Newsletter
Sign The Guestbook
View The Guestbook
Archived Guestbook
Awards
Submit An Article
Staff List
Privacy Policy

 

 
 
Weekly Features
The X Files
Xavier Hermosillo is the President of CrisisPros.com, a national Crisis Communications, Marketing, and Management firm he founded 23 years ago. He is a former political chief of staff, an award-winning reporter and photographer, and a former radio talk show host and TV commentator in Los Angeles. He has co-founded two publicly-traded companies where he served as a member of the Board of Directors and as the Senior Vice President of Investor Relations and Corporate Communications. He has also served as a Hearing Examiner for the Los Angeles Police Commission on police officer discipline cases, and holds degrees in Administration of Justice and Business and Communications.

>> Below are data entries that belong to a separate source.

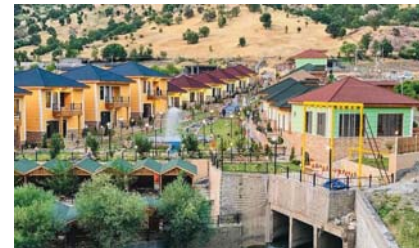
● قرية سياحية

الحسنوي لـ الصباح: تطلق الفعاليات في العاشرة من صباح اليوم الاثنين، يواقع جلستين على قاعة قروية في فندق المنصور ملبيا، مؤكداً تفاعل خلائها مشورن السياحة والبيئة والاقتصاد والطاقة، بهدف تشجيع الاستثمار في قطاع السياحة العراقي.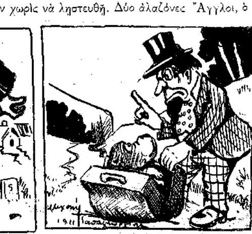
Ὁ Παῦλος ἦτο ὄνομα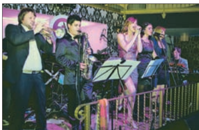
Devetčlanska novost, skupina Xequitfz, ki je pred kratkim izdala single Daleč stran.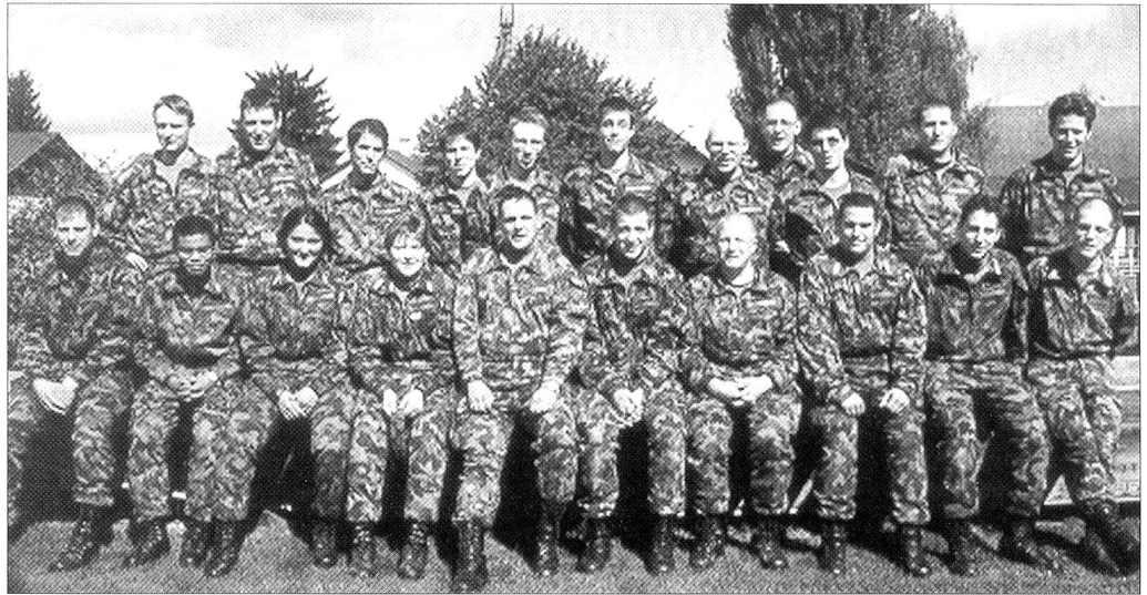
22 AdA aus der ganzen Schweiz absolvieren die Qm-Ausbildung an der Log OS 2/01.

Erst seit dem Jahre 1962, sieben Jahre nach der Gründung der Bundeswehr, gibt es Schutzvorschriften.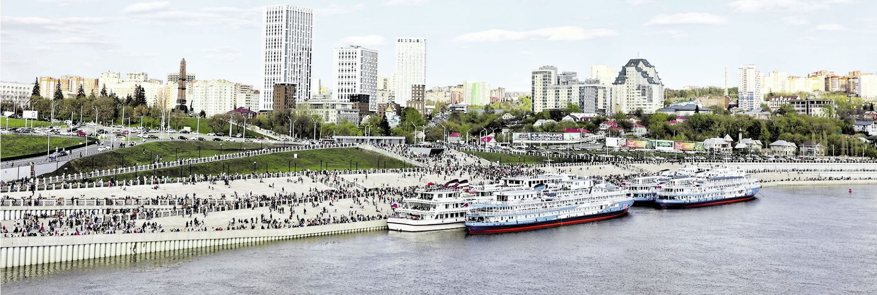
Представьте — вы въезжаете в красивый город на реке, и вас встречает... Иван Грозный. Это сразу запоминается.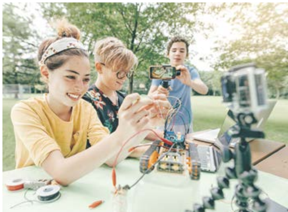
Многие языковые школы расширяют свои программы. Появляется все больше курсов, связанных с робототехникой и программированием

Дополнительную безопасность должны обеспечить камеры наблюдения снаружи и внутри школы. Кроме того, дети ни на минуту не остаются без присмотра: рядом с ними постоянно находятся наставники и дежурный персонал, поясняет Наталия Бондарева. Они же следят и за настроениями внутри коллектива: в случае конфликтов между детьми организаторы ставят в известность родителей и постараются выправить ситуацию, не пуская ее на самотек. Не укроются от их взгляда и более нежные чувства между подростками. «Мы не запрещаем отношения между мальчиками и девочками, пока они не переходят нормы. Но находиться в комнате, где живут дети другого пола, у нас запрещено: за этим ночью следят

He can be reached at Xavier@CrisisPros.com

Two months after the Presidential election, someone needs to tell the Democrats they lost, because the party is in real denial and that’s not healthy for our country.


Just when you thought it was safe to come out of the hot political waters of the November election, the sore losers are moaning and groaning again, making it very difficult to move our country forward and even tougher for the Democrats to win any major elections in the future.

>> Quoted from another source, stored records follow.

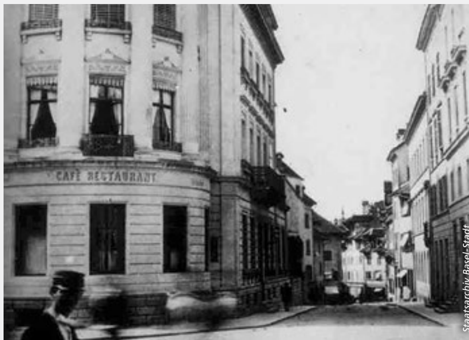
Das Café Restaurant Schilthof an der Freien Strasse (um 1860).

die ein sofortiger Erfolg wurde. 1859 eröffnet Sprüngli ein zweites Geschäft am Paradeplatz.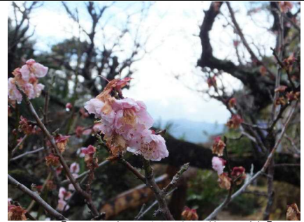
【正面玄関付近の梅の花】

正面玄関付近の梅の花が、満開を過ぎようとしています。大寒、節分そして立春と暦同様季節は、確実に春を迎えつつあります。元々日本では、花と言えば梅を指していたそうです。花見は、梅を見てそれを愛でることであったようです。万葉集でも、梅を詠んだ歌は118首も出てくるそうで、数多く詠まれています。しかし、いつの頃からか桜に、その地位を奪われてしまったようです。厳しい寒さの中、ひっそりと、しかしながらたくましく小さな花を咲かせ、春の訪れを知らせてくれる梅の花。健気(けなげ)という言葉が、浮かんできます。厳しいこの時代、その姿には、何か教えられそして、勇気づけられる気がします。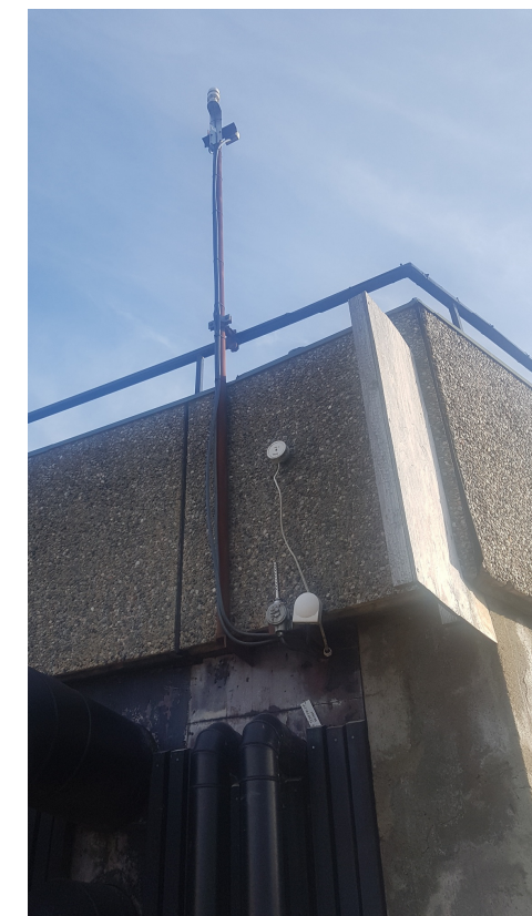
Bilde 9 - Temp.føler for bandy og fotball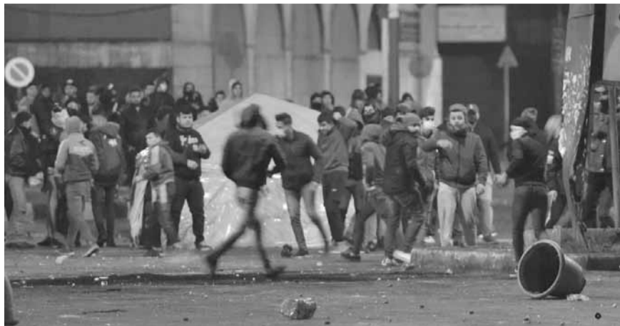
احتجاجات في طرابلس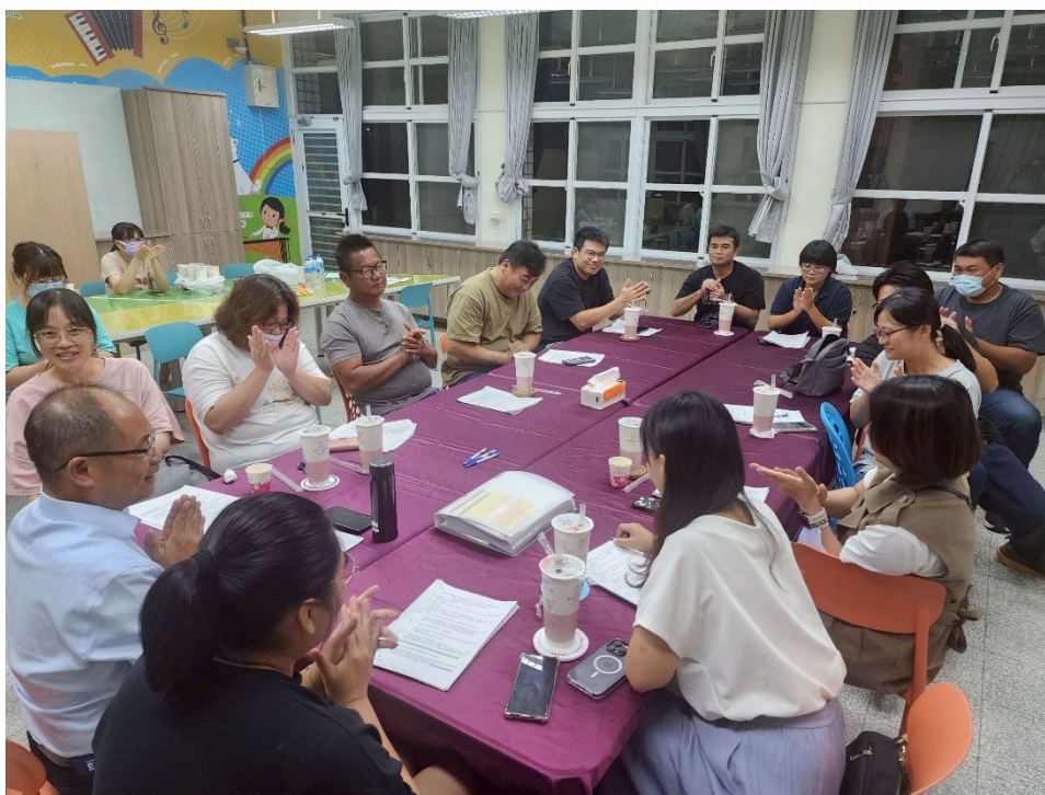
說明：家長會支持學校推動健康促進相關活動。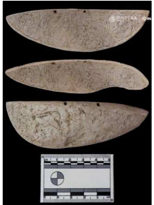
▲ El accesorio, que pudo ser labrado en la época prehispánica entre los años 830 y 900 de nuestra era, mide 9.7 centímetros de largo y 2.9 centímetros de ancho, con un milímetro de grosor.

La pieza recién descubierta permanecerá bajo el resguardo del INAH y continuará bajo estudio, dado que, por su calidad y excepcionalidad, se contempla su futura exhibición en una sede por definir.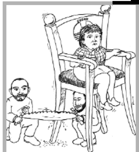
Concelleiros «progres» apuntalando o goberno municipal

Ogallá os prexuízos políticos o fagan posible. Ganaríamos todos.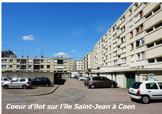
Coeur d'îlot sur l'île Saint-Jean à Caen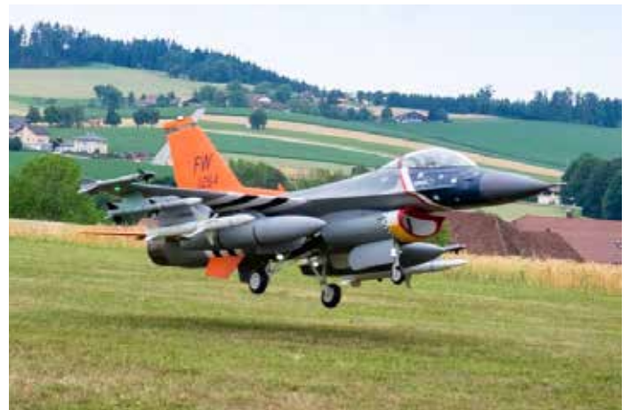
Modellflugshow in Meggenhofen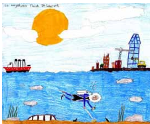
Dessin : Maxime Gélinas

Les élèves des niveaux primaire, secondaire et collégial de toute la province sont invités à participer au concours de dessins Mon fleuve et moi , organisé par la Fondation Monique-Fitz-Back. Le concours fera au total 50 finalistes, dont 10 lauréats, qui se mériteront de très beaux prix ! Date limite pour participer : 14 février 2014. Pour le guide de participation et les détails sur les prix suivez ce lien .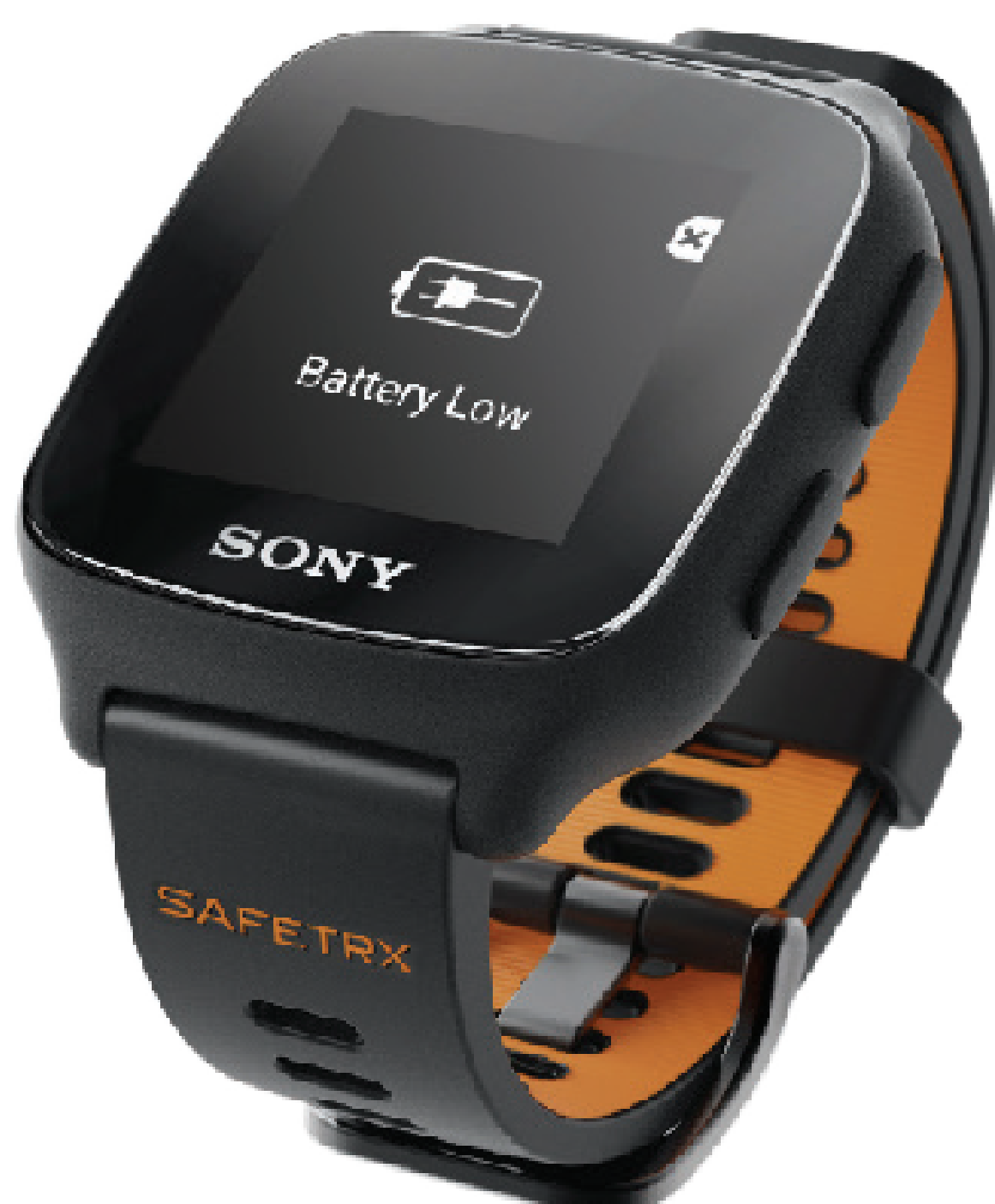
Alerte de batterie

Si la batterie est très faible, il est possible qu'une alerte ne soit pas en mesure de générer une actualisation de votre localisation en continu.

The Demos just can’t accept that George Bush won by the Electoral College by a margin of 286 to 252 and the popular vote by more than 3-million votes. The Demos have been screaming about the Ohio results and even a recount shows Bush won by more than 118,000 votes.


How long do we have to deal with all of this unproductive whining? You lost, you dumb Demos, and you lost fair and square because you folks and your candidate were out of step with the majority of regular Americans. We should NOT have to justify how the majority voted a full two months AFTER the election results were clearly known to all America.


Denial is always tough to deal with but you Donkey Party types better get used to it. As Americans, we have learned to take our lumps and disappointments and move forward in life. We are not guaranteed total victories all the time in anything that we do. To expect a victory on every outing is unrealistic and boorish.


It amazes me how differently the Democrats are responding to the whipping they got this time as compared to how the Republicans reacted after Bill Clinton cleaned their clock in 1992. We are hearing cries of racism, and vote irregularities (all unproven thus far), and virtually every other sophomoric complaint possible.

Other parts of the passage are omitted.